◆ **EXERCISE DIRECTIONS**:
From the entries below, write out exactly the lines between the line holding "Me acaba de" and the line holding "Punch-free stainless steel", inclusive, excluding any pictures.

◆ **INPUT DATA**:
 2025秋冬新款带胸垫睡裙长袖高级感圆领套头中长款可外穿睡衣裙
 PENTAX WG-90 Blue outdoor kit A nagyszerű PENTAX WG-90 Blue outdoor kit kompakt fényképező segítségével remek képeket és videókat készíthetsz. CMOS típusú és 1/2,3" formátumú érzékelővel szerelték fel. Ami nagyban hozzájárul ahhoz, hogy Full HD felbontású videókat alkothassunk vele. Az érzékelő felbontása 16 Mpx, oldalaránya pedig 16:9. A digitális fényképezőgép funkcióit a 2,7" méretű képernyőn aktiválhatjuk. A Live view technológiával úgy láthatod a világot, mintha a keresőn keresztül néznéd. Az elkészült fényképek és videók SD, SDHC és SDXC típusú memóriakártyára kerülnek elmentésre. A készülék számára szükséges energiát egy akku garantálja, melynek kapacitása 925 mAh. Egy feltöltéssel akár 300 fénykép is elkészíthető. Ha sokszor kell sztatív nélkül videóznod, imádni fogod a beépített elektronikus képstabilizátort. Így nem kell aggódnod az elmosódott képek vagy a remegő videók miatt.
* * *
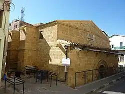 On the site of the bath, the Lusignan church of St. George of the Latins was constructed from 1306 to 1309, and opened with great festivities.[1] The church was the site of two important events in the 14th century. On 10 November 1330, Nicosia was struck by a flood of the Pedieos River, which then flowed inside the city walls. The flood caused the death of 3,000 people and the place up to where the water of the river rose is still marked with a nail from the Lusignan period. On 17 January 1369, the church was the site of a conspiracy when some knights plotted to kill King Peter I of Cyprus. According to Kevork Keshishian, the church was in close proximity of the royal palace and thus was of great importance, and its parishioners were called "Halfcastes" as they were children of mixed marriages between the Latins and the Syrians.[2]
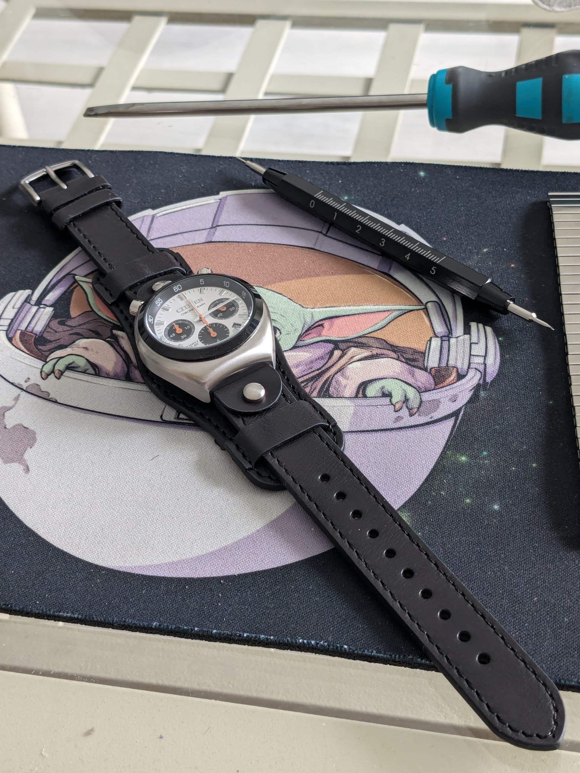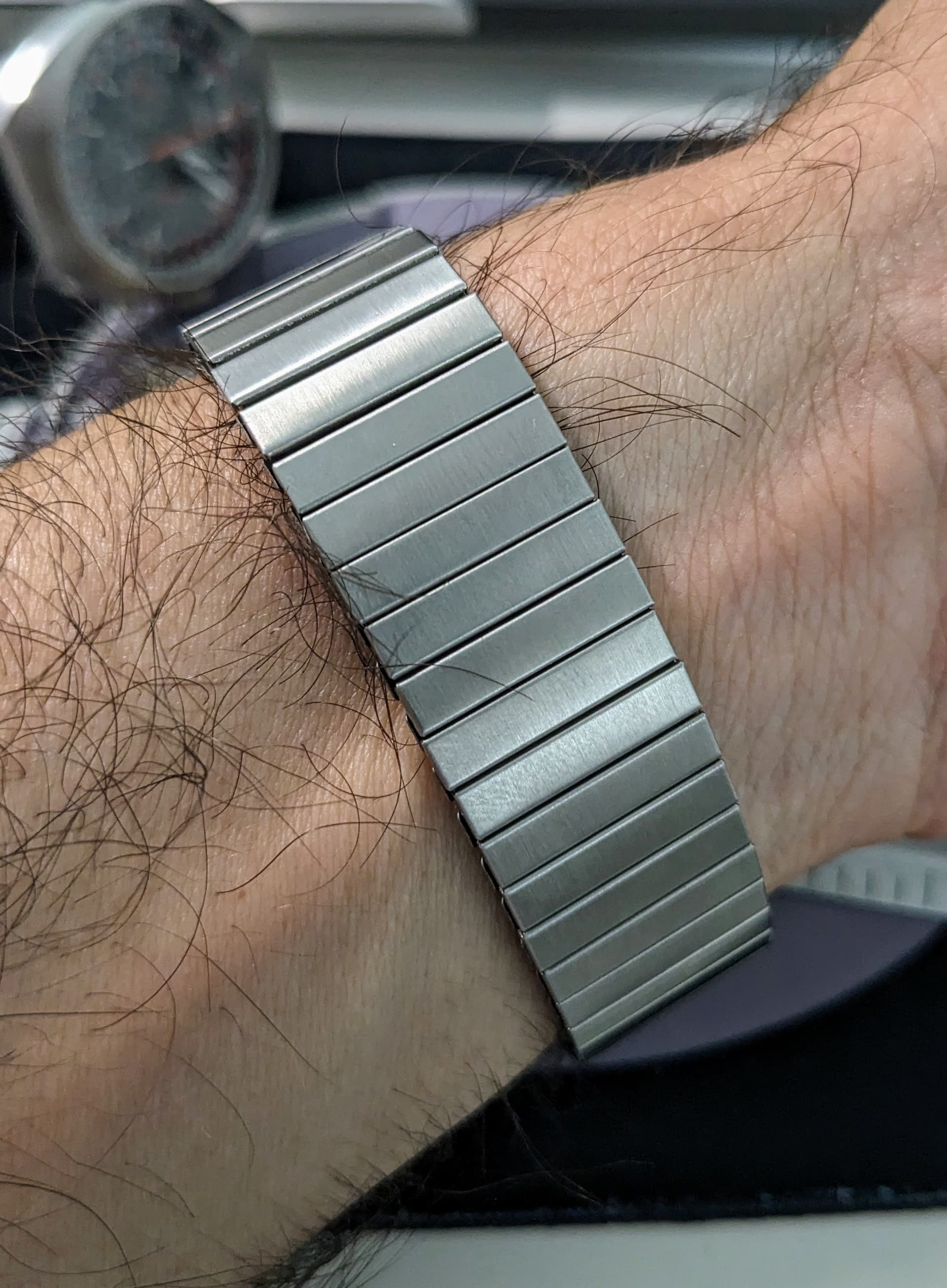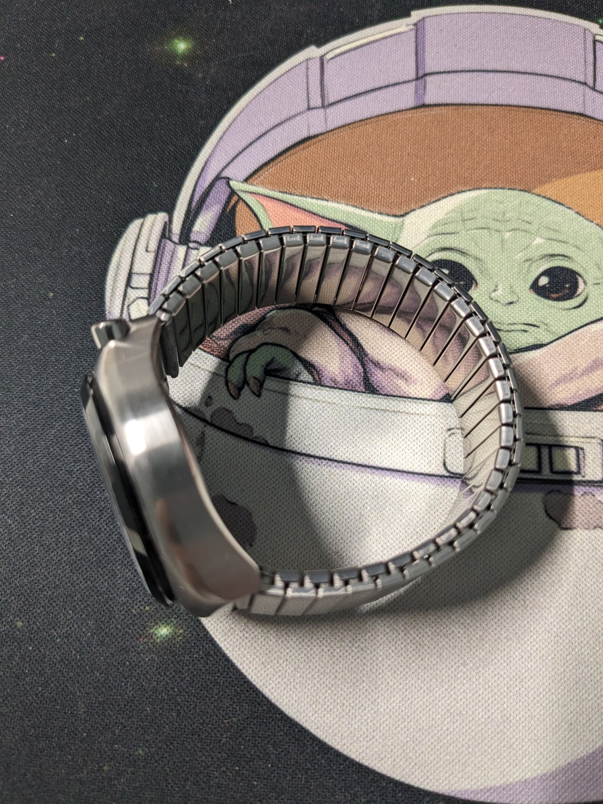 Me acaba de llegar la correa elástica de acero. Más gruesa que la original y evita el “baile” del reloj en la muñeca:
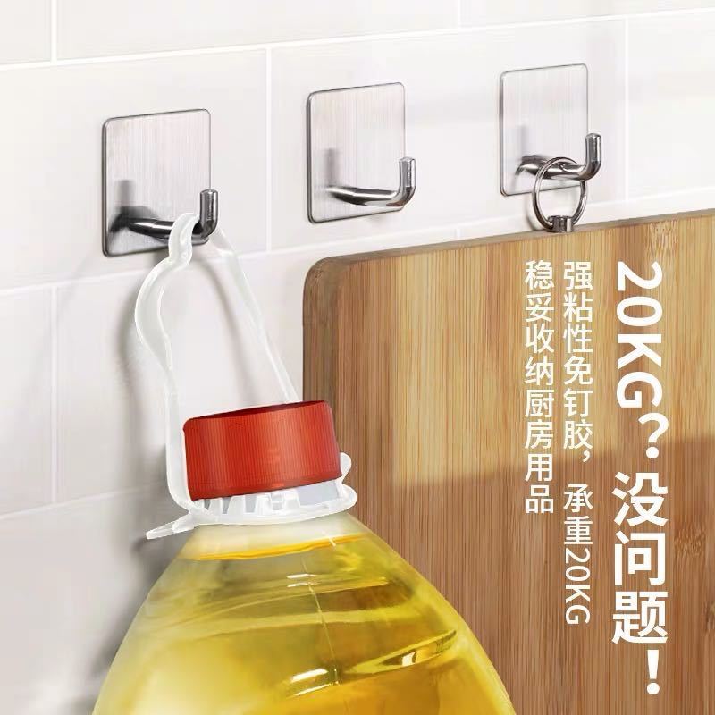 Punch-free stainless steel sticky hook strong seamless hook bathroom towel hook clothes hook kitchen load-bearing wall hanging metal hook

◆ **EXERCISE SOLUTION**:
 Me acaba de llegar la correa elástica de acero. Más gruesa que la original y evita el “baile” del reloj en la muñeca:
 Punch-free stainless steel sticky hook strong seamless hook bathroom towel hook clothes hook kitchen load-bearing wall hanging metal hook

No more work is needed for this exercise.